On Jan 30, 1990, Gauci stated: "That time when the man came, I am sure I did not sell him a shirt." Then, on Sept 10, 1990, he told the investigators that: "I now remember that the man who bought the clothing also bought a 'Slalom' shirt." And to make things worse, two of his testimonies have disappeared.

According to the verdict, Megrahi bought the clothes on Dec 7, 1989. Gauci remembered that his brother had gone home earlier to watch an evening football game (Rome vs Dresden), that the man came just before closing time (7 pm), that it was raining (the man bought an umbrella) and that the Christmas lights were on.

The game allows for only two dates: Nov 23 or Dec 7. The issue is critical for there is no indication that Megrahi was in Malta on Nov 23 but is known to have been on the island on December 7th.

Malta airport chief meteorologist testified that it was raining on Nov 23 but not on Dec 7. Yet the judges determined the date as Dec 7. This rather absurd conclusion from the judges raises two other issues.

The game Rome-Dresden on Dec 7 was played at 1 pm, not in the evening. What is more, Gauci had previously testified that the Christmas lights were not up, meaning that the date had to be Nov 23.

On Sept 19, 1989, Gauci stated that "the [Christmas] decorations were not up when the man bought the clothing." Then, at the Lockerbie trial, Gauci told the Judges that the decoration lights were on. "Yes, they were ... up."

In early October, OMNI reported that huge amounts of money were offered by US officials to at least three key witnesses (see "Lockerbie Investigator Disputes Story"). The defense was never told that the CIA had offered millions of dollars to their star witnesses. Both the FBI and CIA denied ever having offered money to any of the witnesses.

"I cannot speak for the CIA but I believe they had no access to witnesses. But [speaking for the FBI] I can say that no one was ever offered any money for testimony. The FBI does not operate that way," Marquise, the former FBI leading investigator, told me.

"This issue came up at trial and I spoke with the defense lawyers about it in Edinburgh in 1999 -- before trial. No one was promised or even told that they could get money for saying anything. Every FBI agent was under specific orders not to mention money to any potential witness."

In response to a query, a CIA spokesperson ridiculed a witness's accusations that it offered or paid him anything. "It may disappoint the conspiracy buffs, but the CIA doesn't belong in your story," a CIA spokesperson said, insisting on anonymity. The witness is none other than Edwin Bollier whose company is accused of having sold the timer that detonated the bomb on Pan Am 103.

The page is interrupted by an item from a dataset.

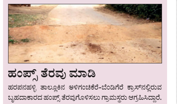
ಹಂಪ್ಸ್ ತೆರವು ಮಾಡಿ ಹರಪಪಟ್ಟ ತಾಲ್ಲೂಕಿನ ಅಳಿಗಂಚಿಕೆ-ಬೆಂದಿಗರ ಕ್ರಾಸ್‌ನಲ್ಲಿರುವ ಬೃಹದಾಕಾರದ ಹಂಪ್ಸ್ ತೆರವುಗಳ ಸಲುವು ಗ್ರಾಮಸ್ಥರು ಆಗ್ರಹಿಸಿದ್ದಾರೆ.

ನವದೆಹಲಿ ಡಿ. 6 - ಕೆಳ ನ್ಯಾಯಾಲಯಗಳು ಆನ್‌ಲೈನ್ ಮೂಲಕ ವಿಚಾರಣೆ ನಡೆಸುವ ಸಾಮರ್ಥ್ಯವನ್ನು ಹೆಚ್ಚಿಸಲು 2,506 ನ್ಯಾಯಾಲಯ ಸಂಕೀರ್ಣಗಳಲ್ಲಿ ವಿಡಿಯೋ ಕಾನ್ಫರೆನ್ಸ್ ಕ್ಯಾಬಿನ್‌ಗಳನ್ನು ಸ್ಥಾಪಿಸಲು ಕೇಂದ್ರ ಕಾನೂನು ಇಲಾಖೆ ಅನುದಾನ ಬಿಡುಗಡೆ ಮಾಡಿದೆ ಎಂದು ಅಧಿಕಾರಿಗಳು ತಿಳಿಸಿದ್ದಾರೆ. ಸೆಪ್ಟೆಂಬರ್‌ನಲ್ಲಿ ವಿಡಿಯೋ ಕಾನ್ಫರೆನ್ಸ್ ಕ್ಯಾಬಿನ್‌ಗಳಿಗಾಗಿ 5.21 ಕೋಟಿ ರೂ.ಗಳನ್ನು ಬಿಡುಗಡೆ ಮಾಡಲಾಗಿತ್ತು. ಅಕ್ಟೋಬರ್‌ನಲ್ಲಿ ಹೆಚ್ಚುವರಿ ವಿಡಿಯೋ ಕಾನ್ಫರೆನ್ಸ್ ಉಪಕರಣಗಳ ಖರೀದಿಗೆ 28.88 ಕೋಟಿ ರೂ.ಗಳನ್ನು ಬಿಡುಗಡೆ ಮಾಡಲಾಗಿದೆ ಎಂದು ಅಧಿಕಾರಿಗಳು ತಿಳಿಸಿದ್ದಾರೆ. ಸುಪ್ರೀಂ ಕೋರ್ಟ್‌ನ ಇ- ಸಮಿತಿ ಹಾಗೂ ಕಾನೂನು ಇಲಾಖೆಗಳ ಮೂಲಕ ಈ ಹಣ ಬಿಡುಗಡೆ ಮಾಡಲಾಗಿದೆ. ದೇಶದಲ್ಲಿ 3,288 ನ್ಯಾಯಾಲಯ ಸಂಕೀರ್ಣಗಳಿವೆ. ಇವುಗಳ ಪೈಕಿ 2,506 ನ್ಯಾಯಾಲಯ ಸಂಕೀರ್ಣಗಳು ವಿಡಿಯೋ ಕಾನ್ಫರೆನ್ಸ್ ಕ್ಯಾಬಿನ್ ಹೊಂದಲು ಅನುದಾನ ಬಿಡುಗಡೆ ಮಾಡಲಾಗಿದೆ. ದೊಡ್ಡ ನ್ಯಾಯಾಲಯ ಸಂಕೀರ್ಣಗಳಿಗೆ ಹಲವು ಕ್ಯಾಬಿನ್‌ಗಳನ್ನು ಕಲ್ಪಿಸಲಾಗುವುದು. ಕೊರೊನಾ ಹಿನ್ನೆಲೆಯಲ್ಲಿ ನ್ಯಾಯಾಲಯಗಳು ಆನ್‌ಲೈನ್ ಮೂಲಕ ವಿಚಾರಣೆ ನಡೆಸುವುದನ್ನು ಮುಂದುವರಿಸಿರುವ ಹಿನ್ನೆಲೆಯಲ್ಲಿ ಈ ಕ್ರಮ ತೆಗೆದುಕೊಳ್ಳಲಾಗಿದೆ.
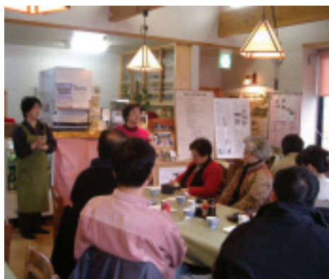
每個人都看到一個村的希望與未來

就是「文化衝擊」。漢朝的王昭君將中原文化傳至西域，唐朝時，中原文化多受西域文化影響，文化也因此更加豐富多元起來。就近代來說，受到全球化的影響，東西方文化交流頻繁，服裝、家具、擺設等方面皆有同化之趨

An FBI official, speaking on condition of anonymity, has confirmed that the bureau met with Bollier in Washington in 1991. Marquise told me that he attended the meeting. But both marquise and the official denied Bollier was offered anything to implicate Libya.

In a formal statement, FBI spokesman Richard Kolko emphatically rejected any suggestions of a payoff. "Any accusations that any witness was paid to lie are complete fabrications and these ridiculous statements should be immediately discounted as the untruths they are," Kolko said. "That is not the way the FBI operates."

However, a source, speaking on condition of anonymity, told Jeff Stein, the national security editor of the Congressional Quarterly Web site, CQ Politics, that Tony Gauci and his brother Paul were paid somewhere between $3 to $4 million each for providing information leading to the conviction of Megrahi.

The US State Department has acknowledged that rewards were paid. "A reward was paid out in the Lockerbie Pan Am 103 case," a spokesperson there said on condition of anonymity, "but due to operational and security concerns we are not disclosing details regarding specific amounts, sources or types of assistance the sources provided."

In the weeks preceding the visit of [US Secretary of State Condoleezza] Rice to Tripoli, the name of Megrahi has been mysteriously removed from the Rewards for Justice US Web site.